A guerreira Conann celebra a estética queer, marca registrada de Bertrand Mandico | Foto: Divulgação

Por Rodrigo Fonseca

Especial para o Correio da Manhã

Depois de Cannes aplaudir Bertrand Mandico, é hora de essa, digamos, "entidade" da cultura audiovisual arrebatar os elogios do Festival de Locarno, onde tem dois filmes em cartaz. É indiferente o uso de vocábulos masculinos, ou de expressões como "senhor", para definir o multiartista francês, embora ele se assuma como não-binário, o que exigiria a utilização de pronomes diferentes, de uma linguagem neutra.

Ele brinca que se vê como "atriz", uma vez que a performance é sua forma de expressão. Uma delas, pois foi com o cinema, dirigindo longas-metragens e experimentos de artes visuais que sua fama chegou. Ele virou uma das vozes autorais mais potentes do audiovisual europeu depois que um de seus filmes, "Os Garotos Selvagens", encabeçou a lista dos melhores filmes de 2017 da "Cahiers du Cinéma".

A revista, ainda encarada como bíblia para a cultura fílmica, trata Bertrand como um xodó. Desde então, sua obra explicitamente queer, carregada de erotismo em seu debate sobre o desejo, virou cult. Por isso, a inclusão de seu mais recente exercício narrativo, "Conann", na Quinzena de Cineastas (outrora chamada Quinzena dos Realizadores), foi encarada como um dos pontos altos da seção paralela mais respeitada do Festival de Cannes. O êxito na Croisette garantiu um passaporte suíço para o filme.

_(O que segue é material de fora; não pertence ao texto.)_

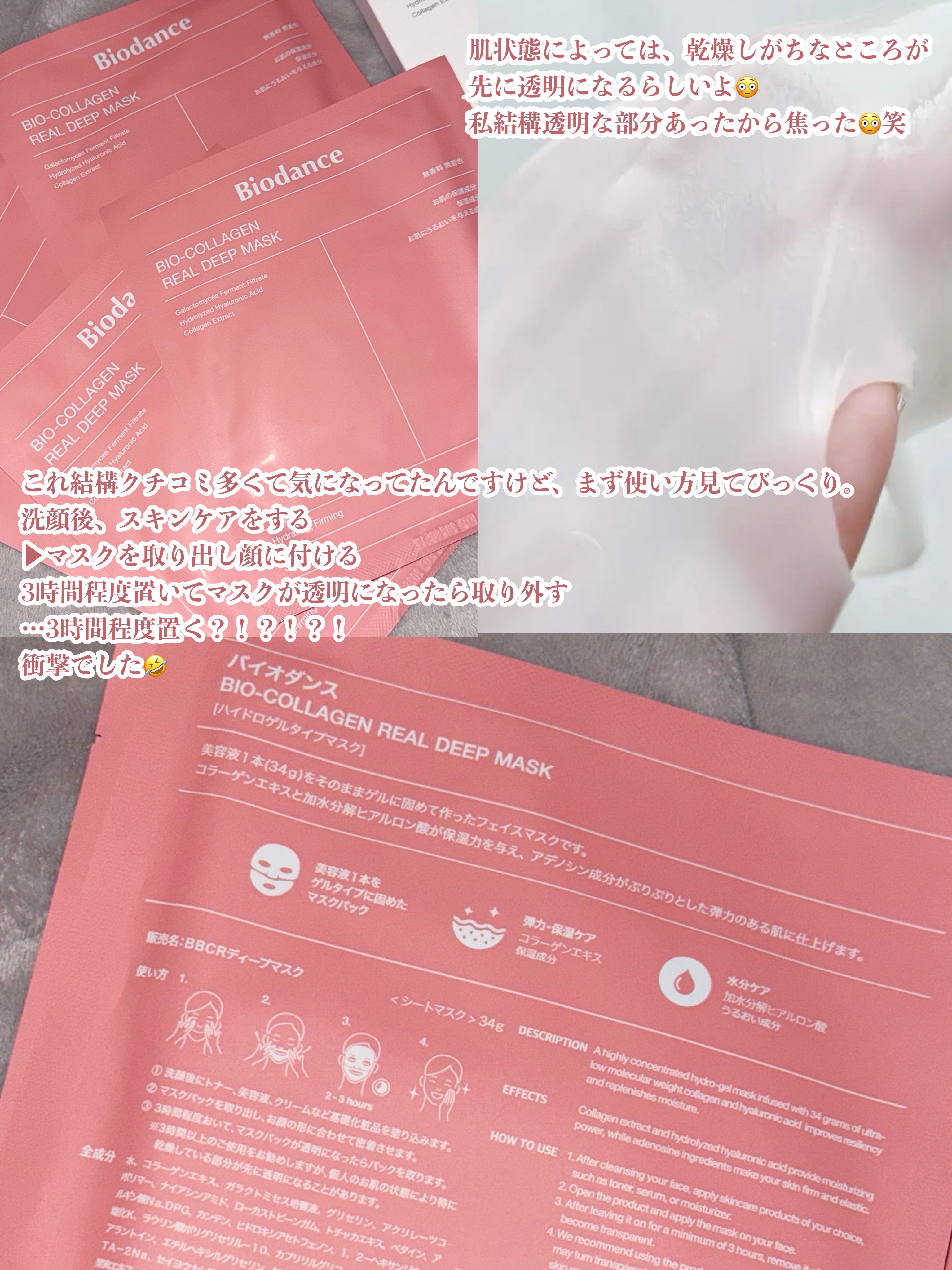 🌿🌿🌿☑︎Biodanceバイオコラーゲンリアルディープマスク୨୧୨୧リアルディープマスクシリーズの中で「毛穴・弾力ケア」をしたい方におすすめ🌟シートは上下に分かれており剥がしやすいように透明なフィルムが!上下のシートなのでフェイスラインにフ...

Além dessa alegórica reinvenção de conceitos do thriller capa & espada, Mandico traz consigo para Locarno um curta-metragem: "Nous Les Barbares". São filmes gêmeos, apesar de toda a diferença de duração entre eles. O título do longa sugere, de imediato, uma conexão com o bárbaro criado em 1932 por Robert E. Howard (1906-1936) na literatura Pulp, celebrizado nas HQs Marvel nos anos 1970 e imortalizado por Schwarzenegger. Mas, em seu filme, o signo muda: Conann é uma amazona, das mais temidas, e sua história é narrada por um oráculo com seios.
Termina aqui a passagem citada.